Ingrid Laas
On May 7, the day before Mother’s Day (appropriately), the Raging Grannies of Madison will make their 2016 debut at the Dane County Farmers’ Market. It won’t be tough to find them.
They’ll be the older women decked out in colorful aprons and flowered hats singing politically charged ditties to the tunes of popular folk songs.
These spry and sassy liberals — most of them between the ages of 60 and 90 but not all necessarily grandmothers — make plenty of noise about public schools, fracking, gun control and uteruses. In fact, at a recent performance for the UW’s Gender and Women’s Studies Club, the group smiled for pictures with an oversize stuffed uterus that rather resembles a blood-red crab.
Madison’s Raging Grannies, one of several chapters, or as they call it, “gaggles,” in the United States, Canada and other countries, will play anywhere they perceive a need for their voices, from Fighting Bob Fest to a Lechayim Lunchtime Plus! event sponsored by Jewish Social Services of Madison.
“The Grannies are very important to me as a way to push back against all that is wrong and frustrating,” says Marjorie Matthews, a Sun Prairie resident who will turn 65 in May and is one of the more active members of the group. “People find what we do amusing, even if they don’t agree with us. I think we do make a difference.”
Formed in 2003 as a project of the Madison chapter of the Women’s International League for Peace and Freedom, the Raging Grannies of Madison first sang to crowds of Iraq War protesters. According to the group’s website, “membership is open to all older women who know that ‘war is stupid’ and that for the sake of our children and grandchildren we must sing out for peace, economic and social justice and the environment.”
Madison’s Raging Grannies were out in force five years ago to protest the Budget Repair Bill at the Capitol, and in 2010, the group received a Lifetime Achievement Award from the Wisconsin Network for Peace and Justice, an umbrella group of more than 170 organizations (including the Grannies).
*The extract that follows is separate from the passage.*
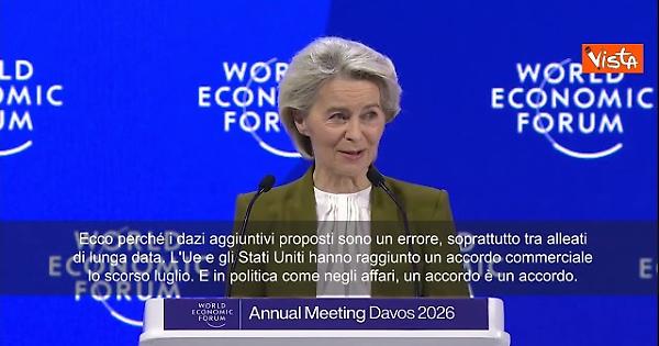 “Consideriamo il popolo degli Usa non solo come nostri alleati, ma come amici. Trascinarci in una pericolosa spirale discendente finirebbe solo per aiutare gli stessi avversari che entrambi siamo impegnati a tenere fuori dal nostro orizzonte strategico. Ecco perché i dazi aggiuntivi proposti sono un errore, soprattutto tra alleati di lunga data. L'Ue e gli Stati Uniti hanno raggiunto un accordo commerciale lo scorso luglio. E in politica come negli affari, un accordo è un accordo. E quando gli amici si stringono la mano, deve pur significare qualcosa". Lo ha detto la presidente della Commissione europea, Ursula von der Leyen, a Davos.

Three years later, the group was honored with the first-ever Forward Award for Grassroots Activism from the independent organization United Wisconsin.
In addition to collectively raging against the machine, many Madison Grannies also sing with other groups and participate in numerous outside political activities.
“Joining the Raging Grannies is one of the smartest things I’ve done,” says Sheila Plotkin, a 78-year-old former teacher of the deaf and hard of hearing for Milwaukee Public Schools who now lives in McFarland and runs “We, the Irrelevant,” an organization dedicated to seeking accountability in elected officials. “We reinforce one another’s beliefs and inspire each other.”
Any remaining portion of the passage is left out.